La «fase due» del Green Deal
A coordinare la stesura del Clean Industrial Deal, che traccerà la strada per tutte le politiche industriali e ambientali della Commissione europea per i prossimi cinque anni, è la commissaria Teresa Ribera. All’ex vicepremier spagnola, considerata da molti l’anima più a sinistra dell’attuale esecutivo comunitario, sono state affidate le deleghe più delicate in assoluto: competitività e Green Deal. Il documento che sarà svelato la prossima settimana, assicurano a Open fonti europee molto vicine a Ribera, «è un’opera di suo pugno, che incarna una visione molto “Teresa” di come l’Europa dovrebbe conquistare il suo posto nel mondo attraverso l’industria pulita senza lasciare che siano altri a decidere cosa dovrebbe fare o cosa dovrebbe essere».

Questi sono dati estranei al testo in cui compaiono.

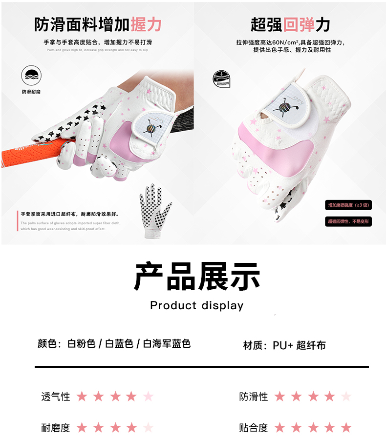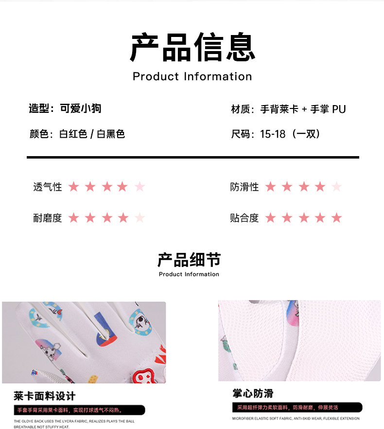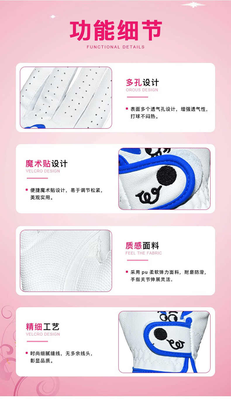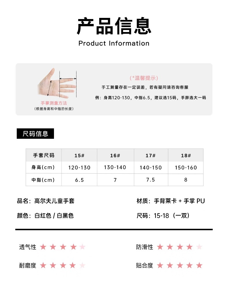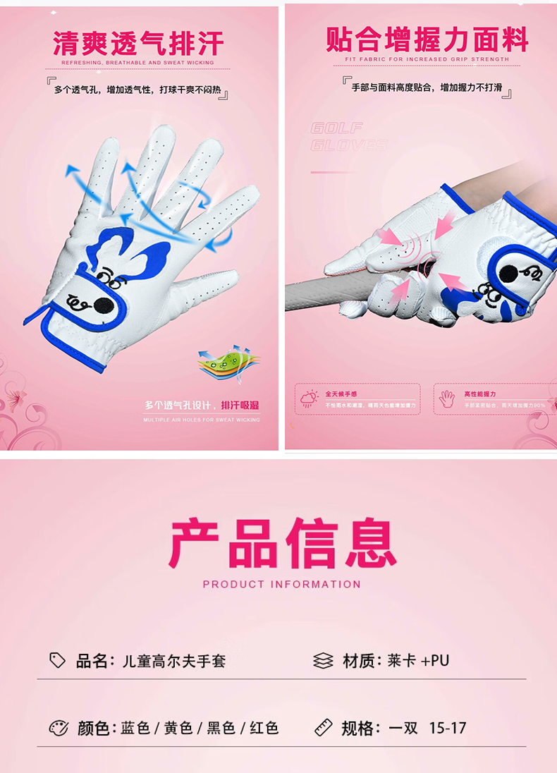 兒童高爾夫手套男童女童春秋小羊皮柔軟舒適防滑耐磨golf手套一雙

Il team della commissaria europea si dice «molto soddisfatto» della versione finale del documento, a cui manca soltanto qualche ultimo dettaglio tecnico da limare e che potrebbe rappresentare una sorta di “fase due” dell’agenda verde europea. Il Clean Industrial Deal, inoltre, potrebbe essere interpretato come una risposta dei Socialisti europei alla «Bussola della competitività», l’altro grande piano della Commissione europea svelato nelle scorse settimane. Il documento presentato da von der Leyen, che elenca tutte le iniziative a cui lavorerà il suo esecutivo nei prossimi mesi, ha lasciato soddisfatti i Popolari ma ha deluso Socialisti e Verdi. Il piano per l’industria pulita, affidato a Ribera, potrebbe contribuire a riequilibrare i rapporti di forza tra le diverse anime che compongono la «maggioranza Ursula».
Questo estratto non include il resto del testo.